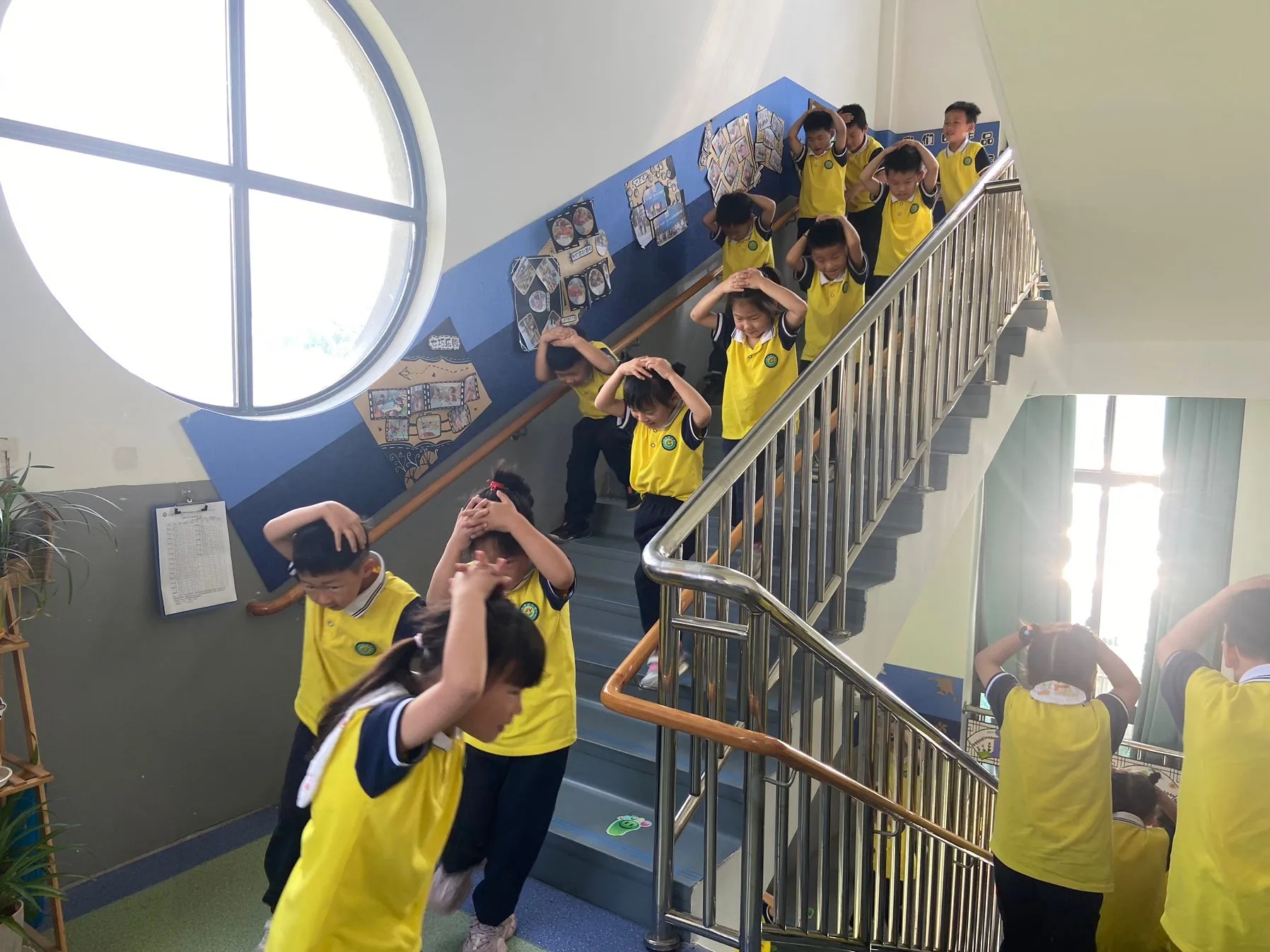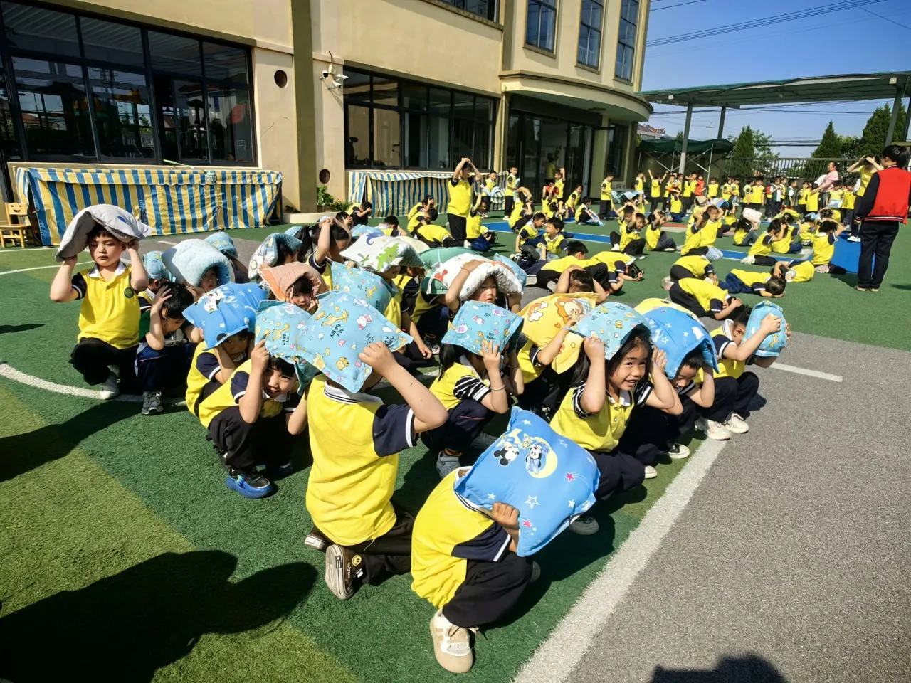 有的幼儿双手护住头部,弯腰低身,沿着预定安全路线快速、有序地疏散到室外安全空旷操场。
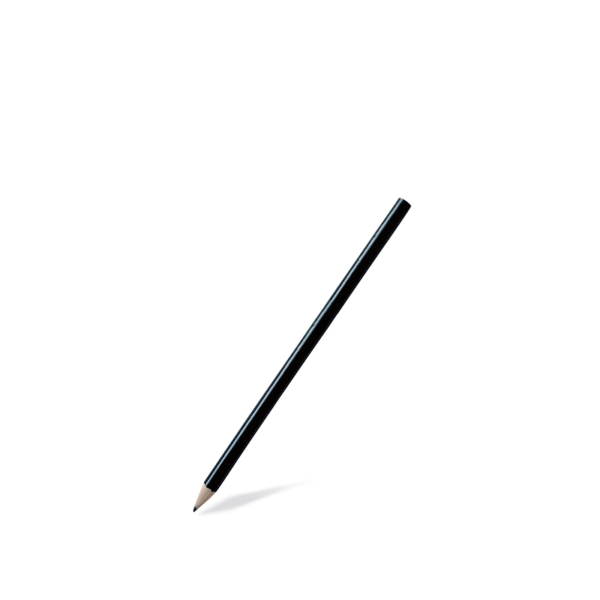 Round pencil in natural linden wood, outside colour black, without eraser, 18 cm, 100 pcs per box
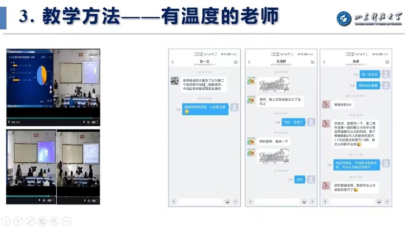 此次培训邀请了全国青教赛获奖者、山东科技大学教学名师,课程思政教学专家李志敏教授。李教授以“专业为本,立心铸魂”为题作了报告,她从工程伦理、家国情怀、工匠精神及科学研究方法等多个理工类思政育人目标入手,分别深入剖析了各类思政元素的挖掘和融于专业知识点的方法;分享了如何将课程思政建设贯穿到教学目标、教学内容、教学策略、评价机制等环节,实现全员、全过程、全方位育人等方面的实践与探索。李教授表示,提升课程思政建设效果,需要教师秉持对教育的热爱,持续关注学生成长,只有做到这些,对学生的培养才能收到水到渠成的效果。
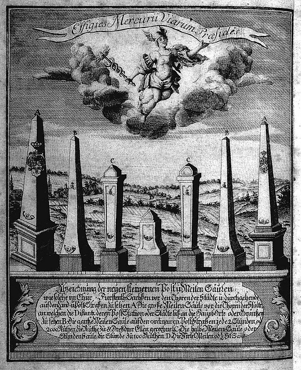 Первые современные дистанционные столбы были установлены в Саксонии (ныне Германия) в 1695 году. С 1721 года там под руководством Адама Фридриха Цюрнера проводились землемерные работы и возводились столбы из камня. По почтовым трактам были сооружены ¼-мильные, ½-мильные, 1-мильные столбы и дистанционные столбы в форме обелисков. Первой дорогой, на которой были установлены такие дорожные знаки, стал почтовый тракт Дрезден — Лейпциг[1].
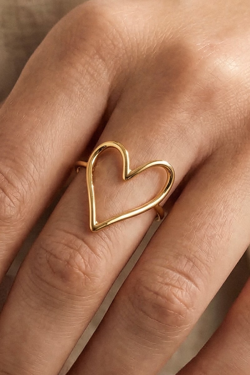 - This ring adds a modern heart band style. Revel in the intricate design that effortlessly distinguishes this ring, making it a statement piece.
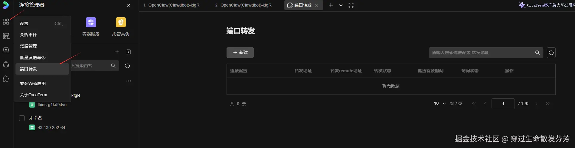 3、左侧功能菜单中找到并点击端口转发 ,在端口转发页内单击新建按钮。

> WORK TO COMPLETE: Your job is to repeat every entry exactly, keeping all pictures out of the copy.

> ANSWER TO THIS PROBLEM:
 有的幼儿双手护住头部,弯腰低身,沿着预定安全路线快速、有序地疏散到室外安全空旷操场。
 Round pencil in natural linden wood, outside colour black, without eraser, 18 cm, 100 pcs per box
 此次培训邀请了全国青教赛获奖者、山东科技大学教学名师,课程思政教学专家李志敏教授。李教授以“专业为本,立心铸魂”为题作了报告,她从工程伦理、家国情怀、工匠精神及科学研究方法等多个理工类思政育人目标入手,分别深入剖析了各类思政元素的挖掘和融于专业知识点的方法;分享了如何将课程思政建设贯穿到教学目标、教学内容、教学策略、评价机制等环节,实现全员、全过程、全方位育人等方面的实践与探索。李教授表示,提升课程思政建设效果,需要教师秉持对教育的热爱,持续关注学生成长,只有做到这些,对学生的培养才能收到水到渠成的效果。
 Первые современные дистанционные столбы были установлены в Саксонии (ныне Германия) в 1695 году. С 1721 года там под руководством Адама Фридриха Цюрнера проводились землемерные работы и возводились столбы из камня. По почтовым трактам были сооружены ¼-мильные, ½-мильные, 1-мильные столбы и дистанционные столбы в форме обелисков. Первой дорогой, на которой были установлены такие дорожные знаки, стал почтовый тракт Дрезден — Лейпциг[1].
 - This ring adds a modern heart band style. Revel in the intricate design that effortlessly distinguishes this ring, making it a statement piece.
 3、左侧功能菜单中找到并点击端口转发 ,在端口转发页内单击新建按钮。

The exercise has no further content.